**Data for review**
___
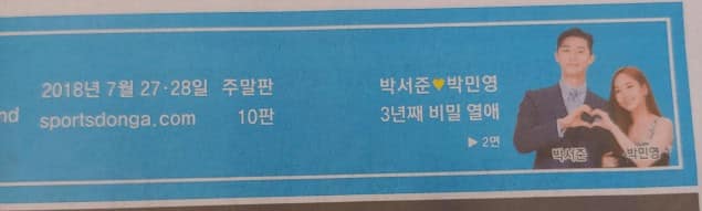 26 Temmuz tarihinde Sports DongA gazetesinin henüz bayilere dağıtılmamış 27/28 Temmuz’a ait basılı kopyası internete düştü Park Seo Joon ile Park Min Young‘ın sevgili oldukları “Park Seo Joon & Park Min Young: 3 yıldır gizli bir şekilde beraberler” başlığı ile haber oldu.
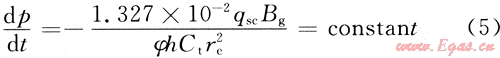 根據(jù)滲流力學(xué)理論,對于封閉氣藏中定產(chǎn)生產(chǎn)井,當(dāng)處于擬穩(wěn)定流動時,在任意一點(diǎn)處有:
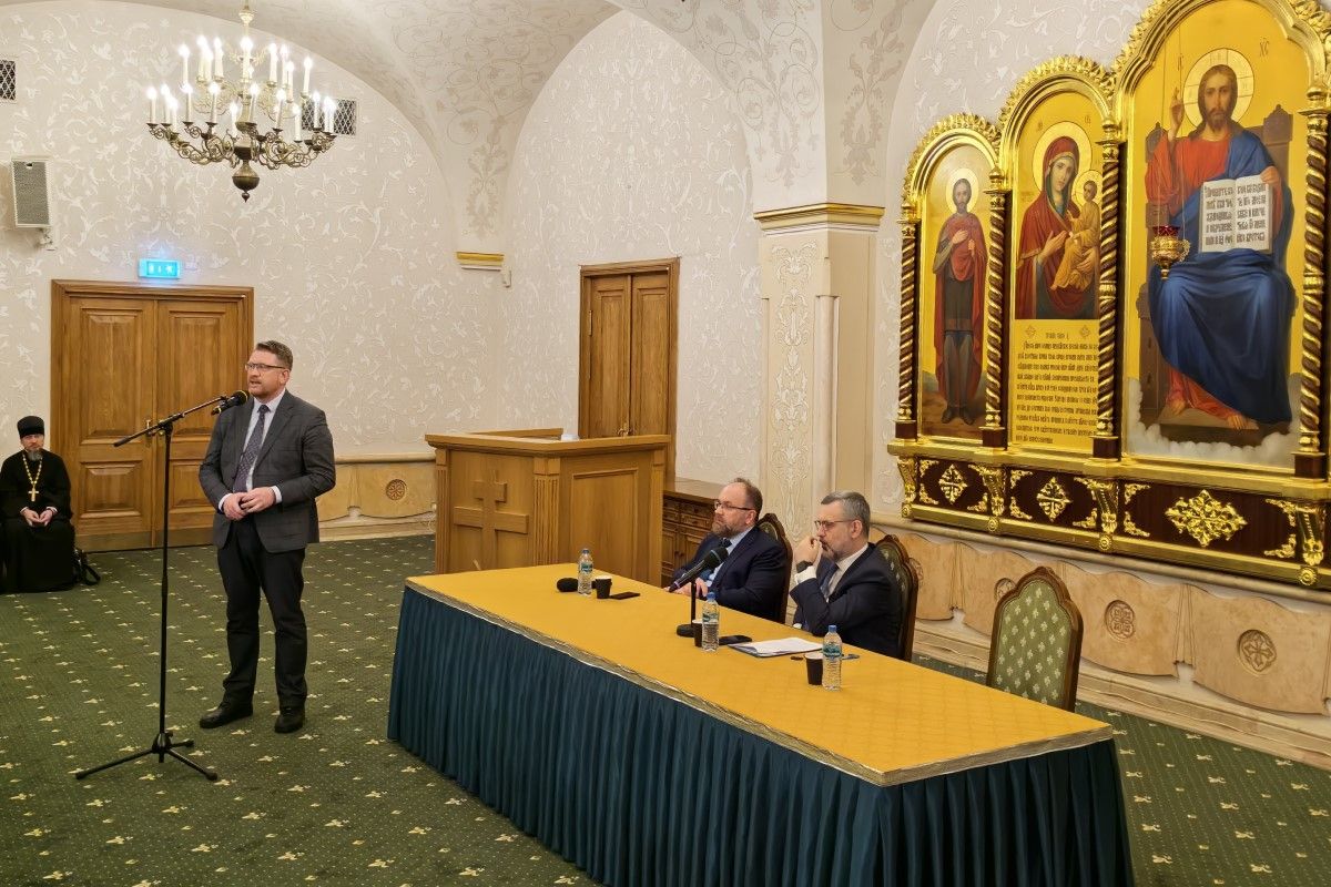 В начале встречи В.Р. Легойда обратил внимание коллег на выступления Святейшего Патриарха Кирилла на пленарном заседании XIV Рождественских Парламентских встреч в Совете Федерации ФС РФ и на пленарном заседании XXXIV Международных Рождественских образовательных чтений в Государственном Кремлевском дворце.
___
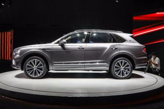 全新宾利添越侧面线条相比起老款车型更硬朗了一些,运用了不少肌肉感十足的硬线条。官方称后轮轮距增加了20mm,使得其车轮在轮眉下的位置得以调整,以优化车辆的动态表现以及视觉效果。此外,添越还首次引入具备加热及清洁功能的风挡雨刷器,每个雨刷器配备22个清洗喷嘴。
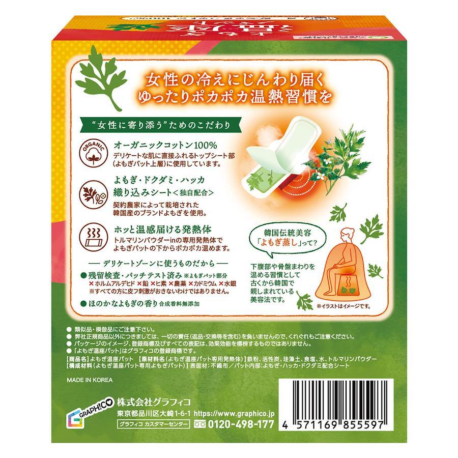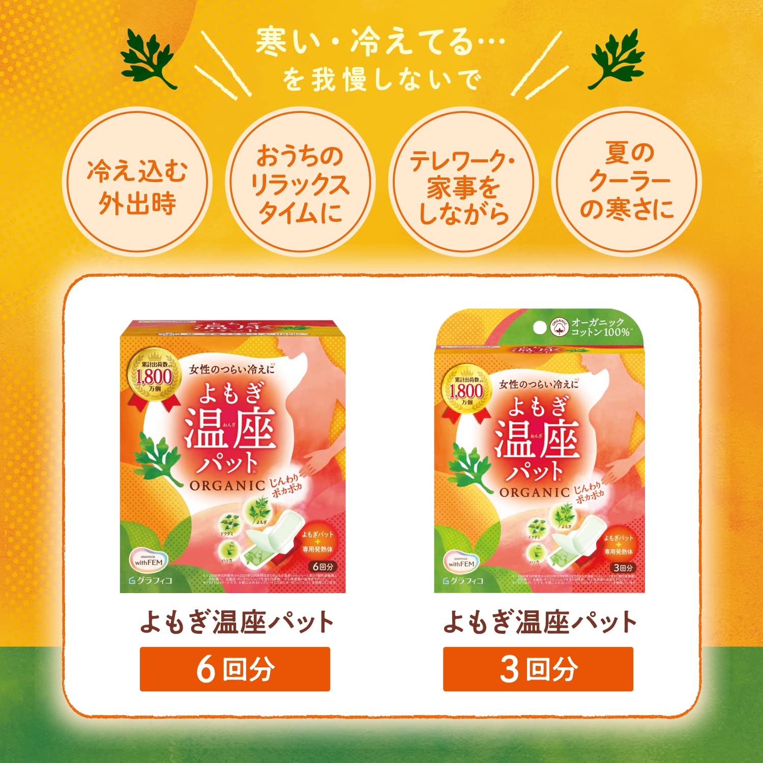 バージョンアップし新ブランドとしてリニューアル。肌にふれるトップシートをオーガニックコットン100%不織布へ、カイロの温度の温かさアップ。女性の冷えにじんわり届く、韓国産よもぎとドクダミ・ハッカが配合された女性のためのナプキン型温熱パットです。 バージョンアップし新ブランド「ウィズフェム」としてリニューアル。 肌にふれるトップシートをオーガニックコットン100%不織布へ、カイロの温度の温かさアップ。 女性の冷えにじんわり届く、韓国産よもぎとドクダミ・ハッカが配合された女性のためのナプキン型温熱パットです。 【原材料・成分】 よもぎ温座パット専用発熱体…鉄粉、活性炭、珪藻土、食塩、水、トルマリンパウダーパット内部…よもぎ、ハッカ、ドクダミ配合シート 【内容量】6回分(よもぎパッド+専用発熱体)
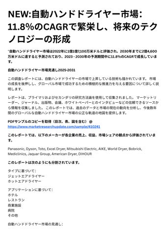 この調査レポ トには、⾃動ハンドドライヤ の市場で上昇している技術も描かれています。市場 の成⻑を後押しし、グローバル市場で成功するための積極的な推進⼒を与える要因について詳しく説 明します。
___
**The task**
Leaving each picture behind, please give again exactly the lines above from the one with "全新宾利添越侧面线条相比起老" through the one with "この調査レポ トには、⾃動ハンドドライヤ の市場で上昇している技術も描かれています。市場", both included, and no others.

**Result of this exercise**
 全新宾利添越侧面线条相比起老款车型更硬朗了一些,运用了不少肌肉感十足的硬线条。官方称后轮轮距增加了20mm,使得其车轮在轮眉下的位置得以调整,以优化车辆的动态表现以及视觉效果。此外,添越还首次引入具备加热及清洁功能的风挡雨刷器,每个雨刷器配备22个清洗喷嘴。
 バージョンアップし新ブランドとしてリニューアル。肌にふれるトップシートをオーガニックコットン100%不織布へ、カイロの温度の温かさアップ。女性の冷えにじんわり届く、韓国産よもぎとドクダミ・ハッカが配合された女性のためのナプキン型温熱パットです。 バージョンアップし新ブランド「ウィズフェム」としてリニューアル。 肌にふれるトップシートをオーガニックコットン100%不織布へ、カイロの温度の温かさアップ。 女性の冷えにじんわり届く、韓国産よもぎとドクダミ・ハッカが配合された女性のためのナプキン型温熱パットです。 【原材料・成分】 よもぎ温座パット専用発熱体…鉄粉、活性炭、珪藻土、食塩、水、トルマリンパウダーパット内部…よもぎ、ハッカ、ドクダミ配合シート 【内容量】6回分(よもぎパッド+専用発熱体)
 この調査レポ トには、⾃動ハンドドライヤ の市場で上昇している技術も描かれています。市場 の成⻑を後押しし、グローバル市場で成功するための積極的な推進⼒を与える要因について詳しく説 明します。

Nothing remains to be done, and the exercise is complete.